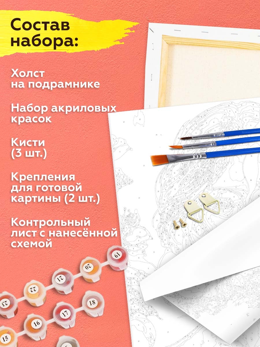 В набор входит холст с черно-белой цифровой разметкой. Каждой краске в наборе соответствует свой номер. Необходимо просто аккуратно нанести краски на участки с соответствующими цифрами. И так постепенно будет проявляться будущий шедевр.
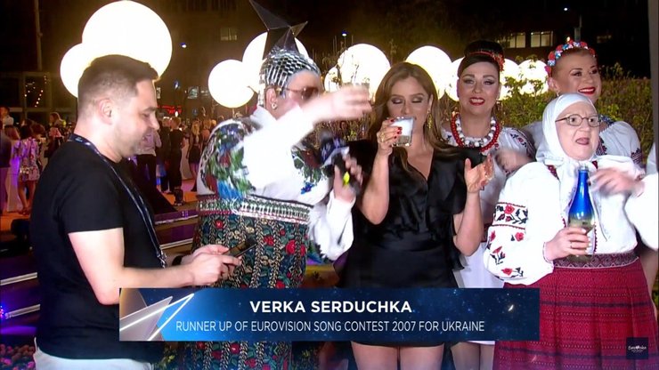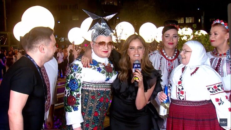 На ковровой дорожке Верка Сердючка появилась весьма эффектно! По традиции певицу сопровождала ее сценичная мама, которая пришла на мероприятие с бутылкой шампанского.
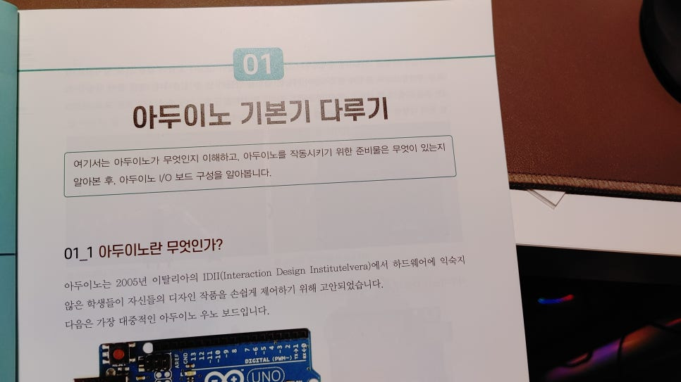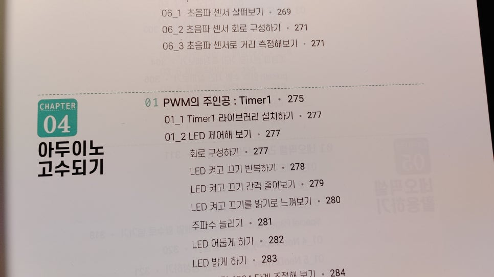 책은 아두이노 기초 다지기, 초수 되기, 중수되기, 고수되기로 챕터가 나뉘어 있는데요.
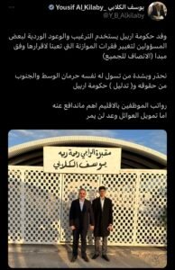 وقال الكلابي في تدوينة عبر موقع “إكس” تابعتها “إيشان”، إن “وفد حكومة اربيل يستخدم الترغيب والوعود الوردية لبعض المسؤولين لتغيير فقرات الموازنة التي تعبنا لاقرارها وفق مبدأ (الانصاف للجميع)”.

...

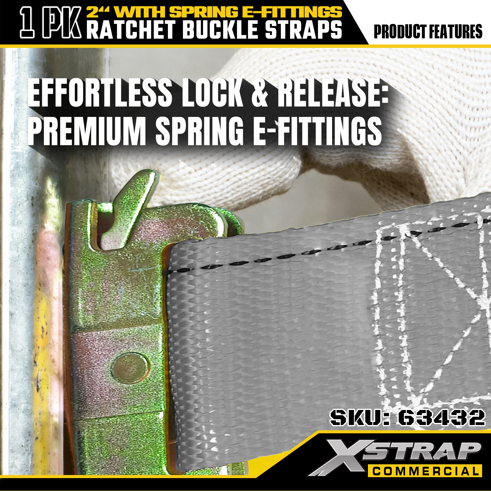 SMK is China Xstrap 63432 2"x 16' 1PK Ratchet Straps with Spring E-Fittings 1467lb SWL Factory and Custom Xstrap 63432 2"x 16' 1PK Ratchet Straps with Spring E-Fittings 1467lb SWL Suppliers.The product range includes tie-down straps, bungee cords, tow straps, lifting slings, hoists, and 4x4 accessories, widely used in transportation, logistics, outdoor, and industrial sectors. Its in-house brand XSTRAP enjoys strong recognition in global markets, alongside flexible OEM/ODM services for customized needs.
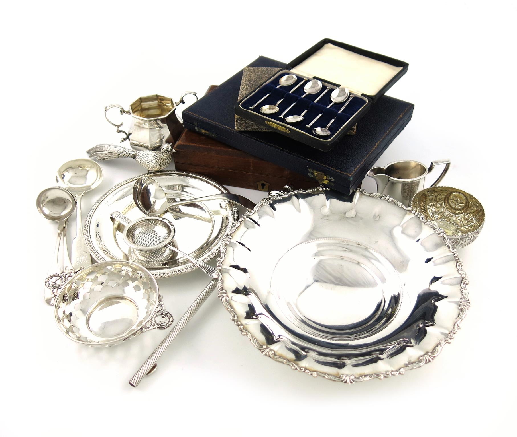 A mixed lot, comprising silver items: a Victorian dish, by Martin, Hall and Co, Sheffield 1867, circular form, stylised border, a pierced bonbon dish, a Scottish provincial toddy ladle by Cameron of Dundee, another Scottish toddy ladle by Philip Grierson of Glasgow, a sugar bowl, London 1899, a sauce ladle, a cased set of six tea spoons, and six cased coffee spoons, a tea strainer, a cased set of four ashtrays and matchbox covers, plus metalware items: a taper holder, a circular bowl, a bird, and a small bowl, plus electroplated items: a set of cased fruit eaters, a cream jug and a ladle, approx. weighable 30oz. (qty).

--

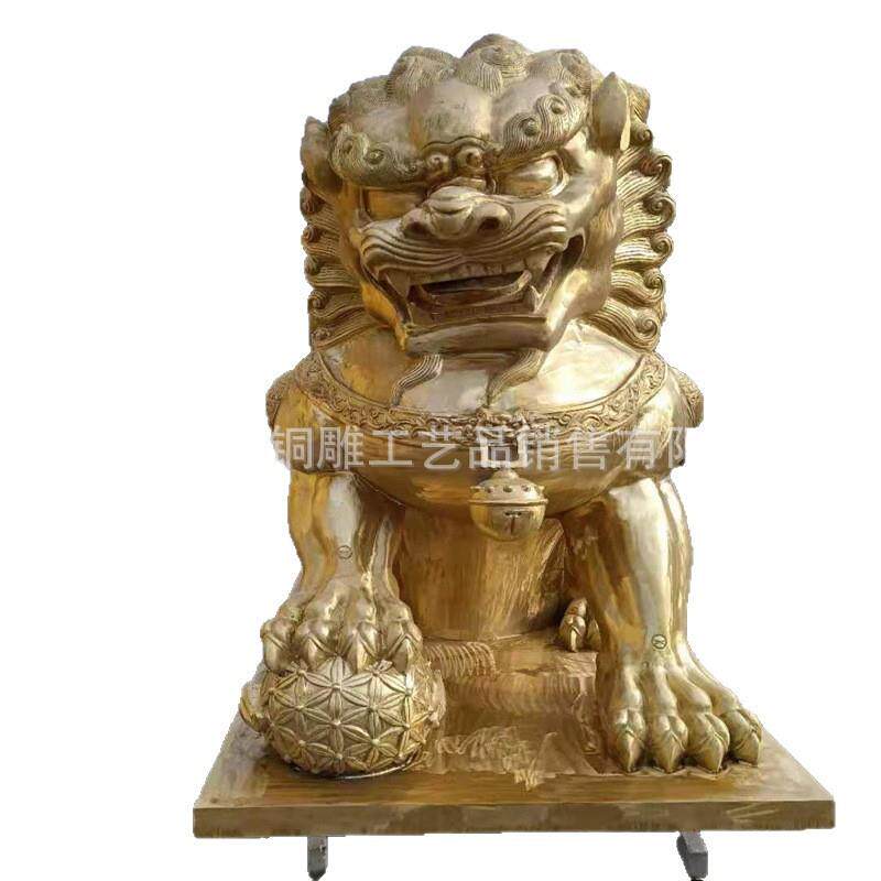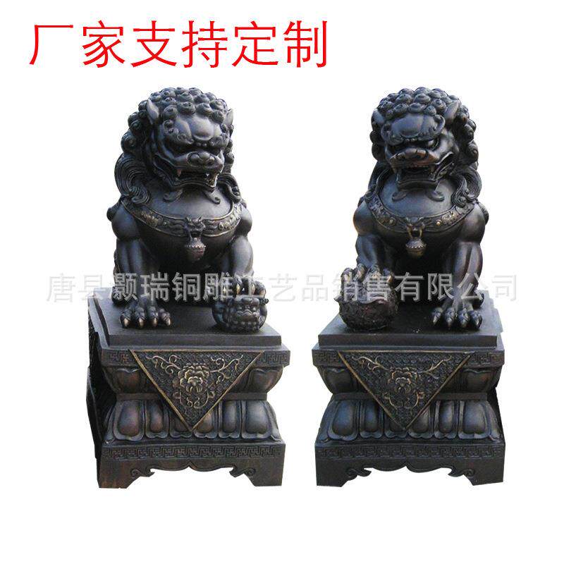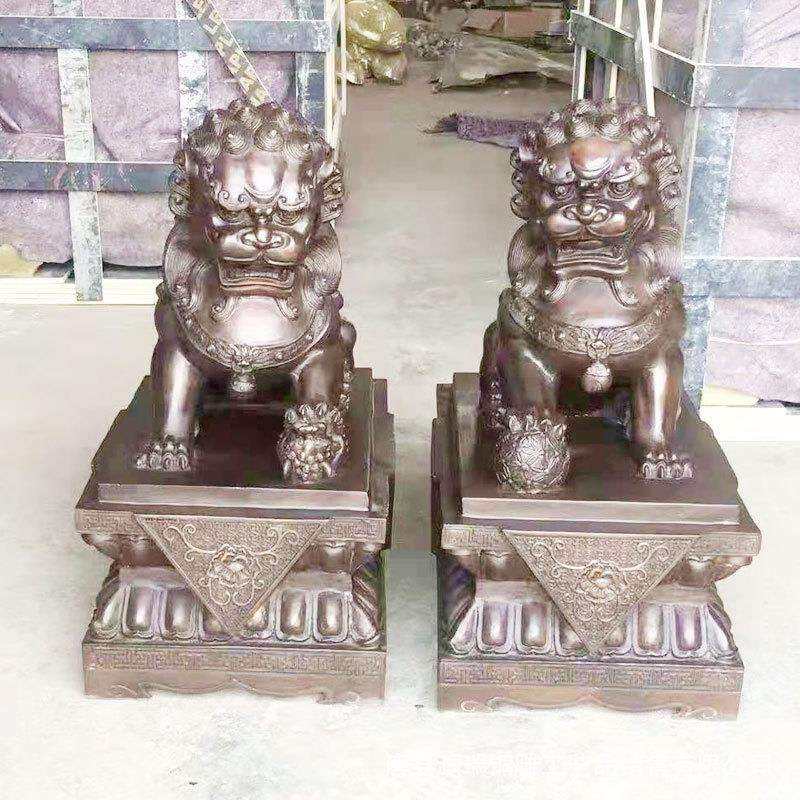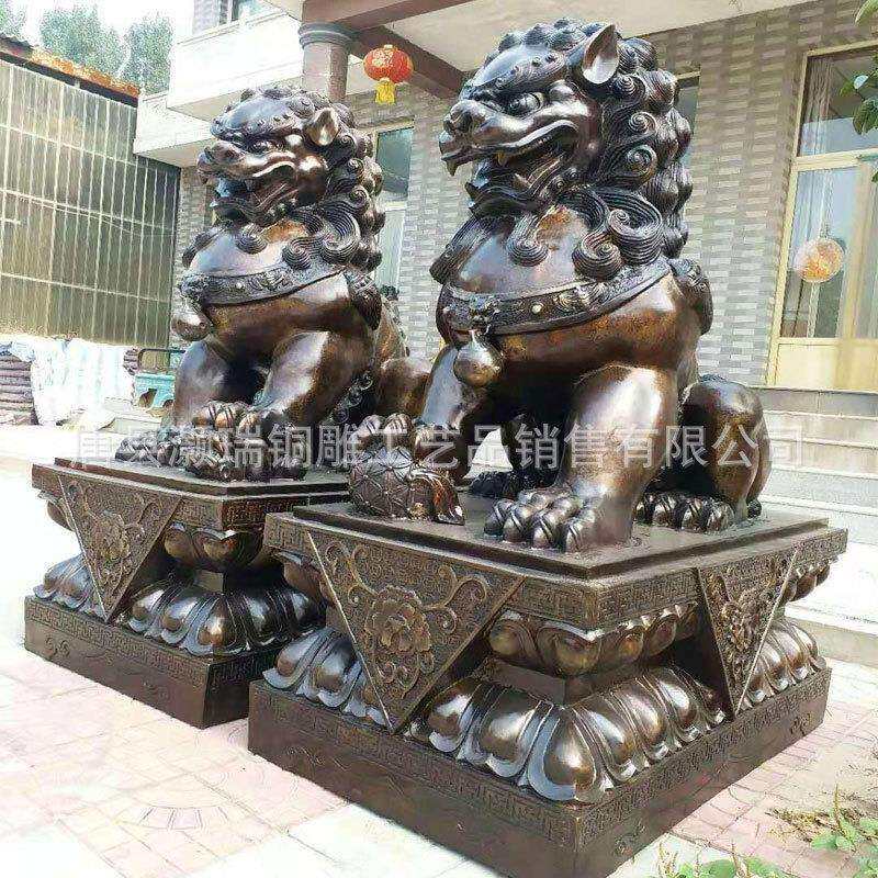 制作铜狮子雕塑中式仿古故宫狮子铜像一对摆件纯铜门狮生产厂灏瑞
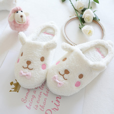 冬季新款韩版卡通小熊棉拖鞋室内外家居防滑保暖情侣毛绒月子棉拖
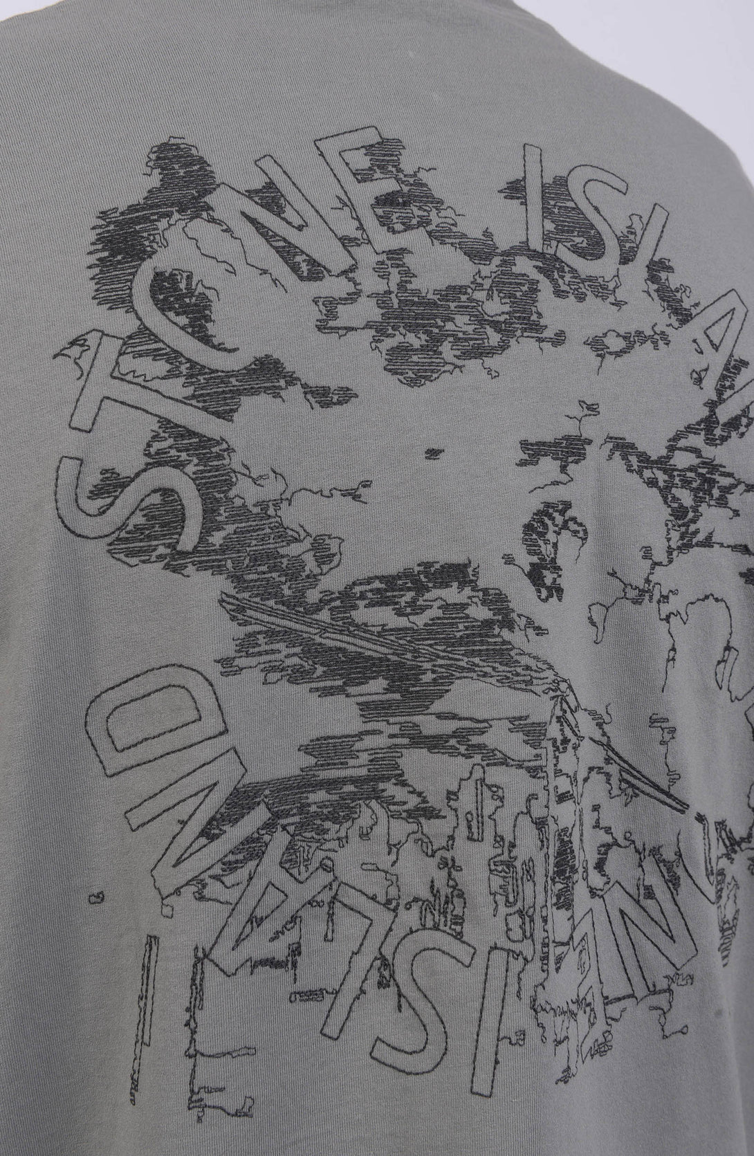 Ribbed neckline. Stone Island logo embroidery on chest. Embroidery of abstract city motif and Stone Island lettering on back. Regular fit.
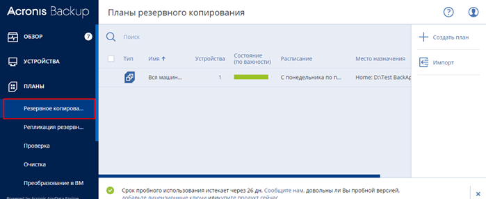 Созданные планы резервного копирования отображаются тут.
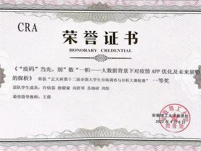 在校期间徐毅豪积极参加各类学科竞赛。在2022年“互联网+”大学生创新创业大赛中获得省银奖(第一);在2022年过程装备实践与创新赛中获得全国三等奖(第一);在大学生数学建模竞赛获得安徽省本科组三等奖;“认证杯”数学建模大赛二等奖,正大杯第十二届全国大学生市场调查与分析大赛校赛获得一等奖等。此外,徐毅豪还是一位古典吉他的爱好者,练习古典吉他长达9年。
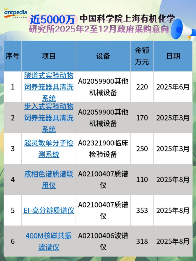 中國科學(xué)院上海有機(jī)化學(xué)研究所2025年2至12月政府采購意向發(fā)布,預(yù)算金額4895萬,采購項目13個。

### [Directions]
Look through the listing above for the line with "В набор входит" and the line with "وقال الكلابي في". Write out exactly those lines and everything between, leaving out pictures.

### [Solution to the problem]
 В набор входит холст с черно-белой цифровой разметкой. Каждой краске в наборе соответствует свой номер. Необходимо просто аккуратно нанести краски на участки с соответствующими цифрами. И так постепенно будет проявляться будущий шедевр.
 На ковровой дорожке Верка Сердючка появилась весьма эффектно! По традиции певицу сопровождала ее сценичная мама, которая пришла на мероприятие с бутылкой шампанского.
 책은 아두이노 기초 다지기, 초수 되기, 중수되기, 고수되기로 챕터가 나뉘어 있는데요.
 وقال الكلابي في تدوينة عبر موقع “إكس” تابعتها “إيشان”، إن “وفد حكومة اربيل يستخدم الترغيب والوعود الوردية لبعض المسؤولين لتغيير فقرات الموازنة التي تعبنا لاقرارها وفق مبدأ (الانصاف للجميع)”.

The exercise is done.